Here, we will shortly describe one example of an assignment rule for which we use a simple birth-death process of metabolite X. The assignment rules defines that a new species y = 2 * X:
# Assignment rules
!F y = 2.0*X
This assignment is incorporated in the dsmts-001-19.xml.psc file and simulation yields the following result.
The main module of this software package is the stochastic simulation algorithm module. In this module stochastic simulations and their analysis can be done. StochPy currently contains various Stochastic Simulation Algorithms (SSAs):
Use the following command to start to the SSA module:
>>> smod = stochpy.SSA()
Info: The Direct method is selected to perform the simulations
Parsing file: /home/user/Stochpy/pscmodels/ImmigrationDeath.psc
StochPy selects the direct method as default simulation algorithm and the immigration-death model as default stochastic model. As a result, you can use the high-level function DoStochSim() to run your first stochastic simulation:
>>> smod.DoStochSim()
Before we discuss doing these stochastic simulations in more detail, we first discuss some features of the SSA module. Upon initiation, it tries to load the interactive analysis environment. If successful, generated plots become immediately visible. Adding the optional argument IsInteractive = False ensures that no plots are shown after generation. This can be useful if the default behavior is undesired or if StochPy fails loading the interactive environment (e.g. on most computer clusters). In these cases, the generated plot can still be modified and saved to a file:
>>> smod = stochpy.SSA(IsInteractive=False)
>>> smod.DoStochSim()
>>> smod.PlotSpeciesTimeSeries()
>>> stochpy.plt.savefig(os.path.join(stochpy.output_dir,'example.png'))

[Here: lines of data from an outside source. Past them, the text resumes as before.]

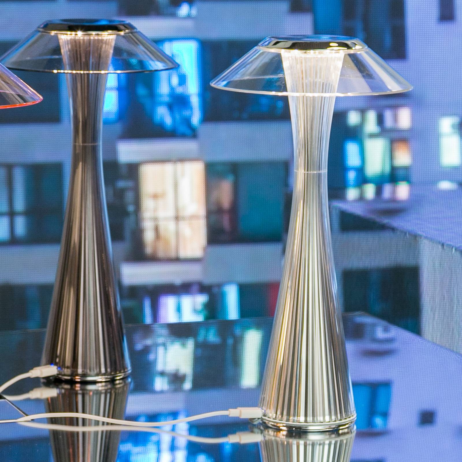 Lampada LED da tavolo ricaricabile Space di Adam Tihany Quando ha ideato la lampada LED da tavolo Space, il designer Adam Tihany aveva in mente il famoso Seattle Space Needle, la torre panoramica costruita per la Expo del 1962. Anche l'aspetto di questa lampada è futuristico, si potrebbe dire quasi spaziale. Space è una lampada con accumulatore ricaricabile che tiene la luce accesa per un massimo di otto ore. Sia il corpo della lampada che il paralume sono di varie plastiche (PMMA e ABS), in parte trasparenti e in parte opache. La luce si accende e spegne semplicemente sfiorando la parte superiore del paralume. La plastica in tutte le sue forme e colori è il materiale che compone oggetti di design con cui la Kartell è diventata famosa nel corso degli ultimi decenni. Alcune delle creazioni Kartell sono ormai diventate veri classici del design. Tra gli oggetti più famosi figurano ad esempio la seggiolina K 1340, lo spremiagrumi KS 1481 oppure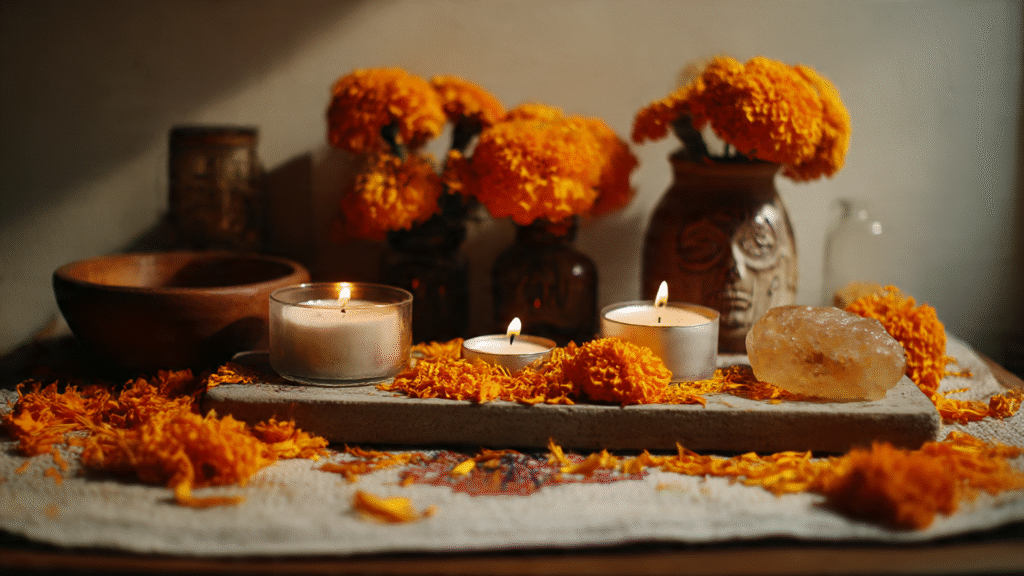 En redes como Pinterest, los tableros más guardados llevan títulos como “Altar minimalista con alma mexicana” o “Ofrenda sostenible para casa pequeña”. En ellos predominan los tonos neutros, las velas blancas y los detalles discretos, como una sola foto enmarcada y un puñado de flores naturales. Pero también hay quienes se van al otro extremo: altares monumentales con guirnaldas de cempasúchil, figuras de papel maché, luces led y caminos de pétalos que recorren toda la casa.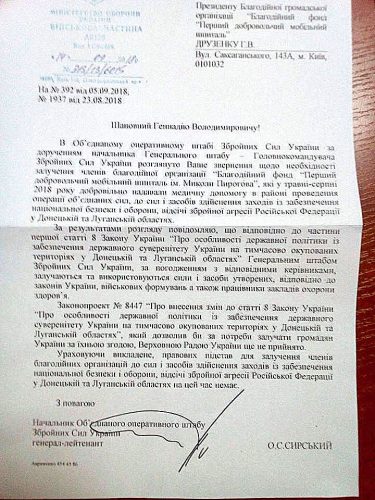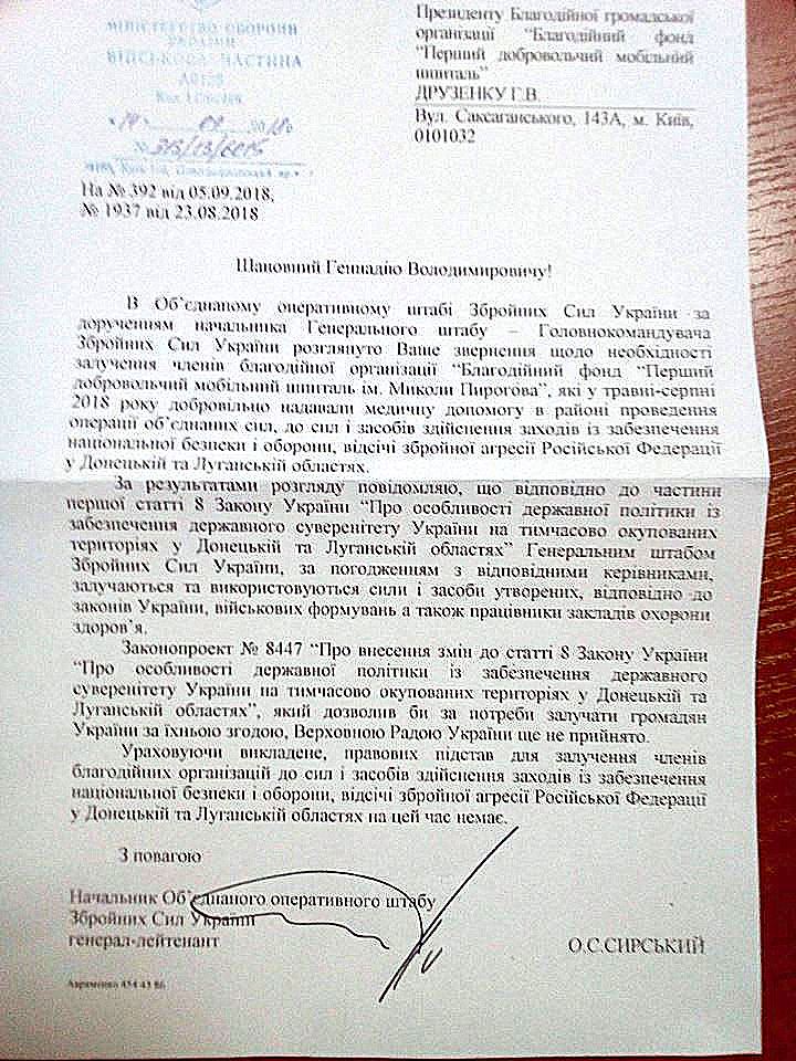 3. Що ж надсилаємо з депутатським зверненням Ольги Богомолець списки медиків-добровольців ПДМШ до Об’єднаного оперативного штабу. Через місяць отримуємо ідіотську відповідь за підписом генерал-лейтената Сирського: мовляв, закон не передбачає можливості залучення до ООС “членів благодійних організацій”.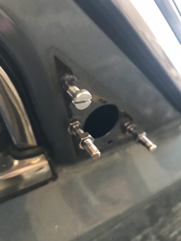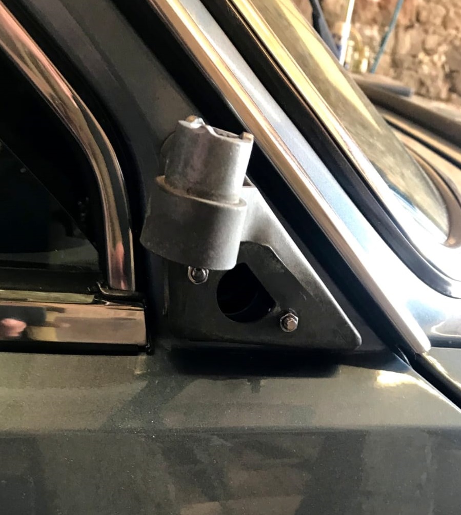 Zum rechten Außenspiegel, es hat mich sehr gefreut das ich so etwas überhaupt noch auftreiben konnte aber bei genauer betrachtung ist dann aufgefallen das man für den Außenspiegel eine Halteplatte braucht die am Türrahmen befestigt wird und die war natürlich nirgendwo mehr aufzutreiben.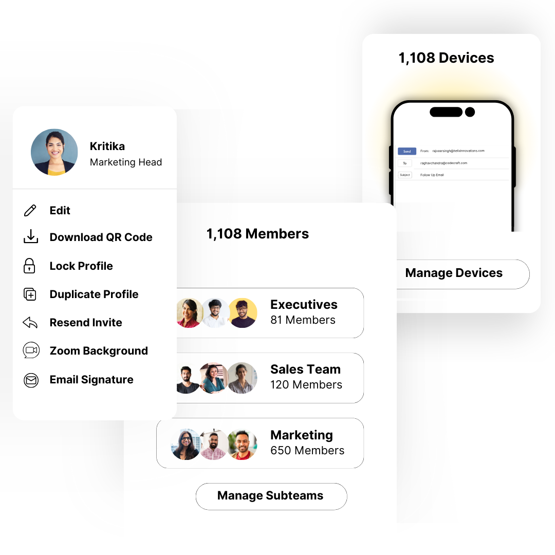 Create, share, and manage branded digital cards across your team for easy info sharing.

The high-level function DoStochSim() accepts many arguments (e.g. method, trajectories, mode). Each of these settings are treated as “local” settings, i.e. they are forgotten if you perform a new stochastic simulation without these arguments. Alternatively, different high-level functions exist that allow for specifying “global” settings, i.e. they are used until you specify a new value or load a new model.
For instance, rather than using the method argument, the high-level function Method() can be used to select a simulation algorithm different than the default one:
>>> smod.Method('FirstReactionMethod')
Info: The First Reaction method is selected to perform the simulations
>>> smod.Method('NextReactionMethod')
Info: The Next Reaction method is selected to perform the simulations
>>> smod.Method('TauLeaping')
Info: The Explicit Tau-Leaping method is selected to perform the simulations
>>> smod.Method('Direct')
Info: The Direct method is selected to perform the simulations
Different strings can be provided to select e.g. the First Reaction Method. Currently, the valid case-insensitive keys are: ‘Direct’, ‘NextReactionMethod’ and ‘NRM’, ‘FirstReactionMethod’ and ‘FRM’, ‘Tauleaping’, ‘DelayedDirect’ and ‘Delayed’, ‘DelayedNRM’ and ‘DelayedNextReactionMethod’, ‘SingleMoleculeMethod’ and ‘SMM’, ‘FastSingleMoleculeMethod and ‘fSMM’.
The direct, next reaction method, and first reaction method are exact SSAs that suffer typically from extensive running times. We, therefore, also provide an inexact SSA: the tau-leaping method (click here). Additionally, we provide exact SSAs with delays (click here) and single molecule methods (here). As we will see shortly, different high-level functions must be used to run ‘standard’ SSAs, delayed SSAs, and SMM SSAs. Each of these high-level functions also accepts one of the supported methods as an argument.
As said, DoStochSim() also accepts the method argument:
>>> smod.DoStochSim(method='FRM')
The high-level function Model() can be used to select a model described in PySCeS MDL:
>>> smod.Model('BurstModel.psc')
Parsing file: /home/user/Stochpy/pscmodels/BurstModel.psc
>>> smod.Model(File='BurstModel.psc',dir='/home/user/Stochpy/pscmodels')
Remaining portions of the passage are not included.